**Available data:**

■ ■ ■

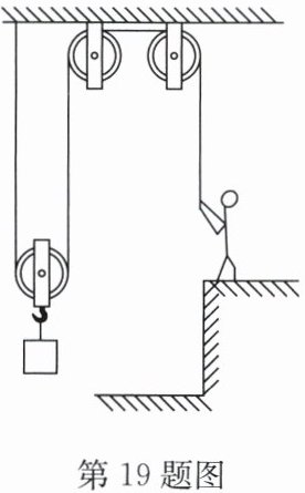 19. (8分)工人师傅用如图所示滑轮组提升建筑材料,用400N的拉力使重为700N的建筑材料匀速竖直上升了3m,用时50s.不计绳重和摩擦,绳子能承受的拉力足够。求该过程中:
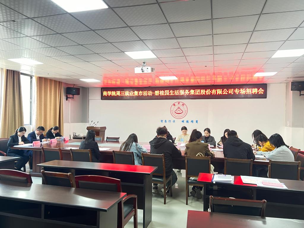 11月5日下午,碧桂园生活服务集团股份有限公司到商学院开展专场招聘面试活动,面试会在商学院实训楼B517会议室进行,历时三小时,50余名学生参加了面试。
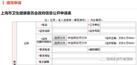 点击“卫健委”进入后,出现一个政府信息公开申请表。任何一个公民或法人,提供简单信息,就可以向政府申请信息公开啦。

■ ■ ■

**Instructions for the task:** Give the lines from the one containing "11月5日下午,碧桂园生活服" through the final line of the material again, exactly and in full, but without pictures.

**Exercise answer:**
 11月5日下午,碧桂园生活服务集团股份有限公司到商学院开展专场招聘面试活动,面试会在商学院实训楼B517会议室进行,历时三小时,50余名学生参加了面试。
 点击“卫健委”进入后,出现一个政府信息公开申请表。任何一个公民或法人,提供简单信息,就可以向政府申请信息公开啦。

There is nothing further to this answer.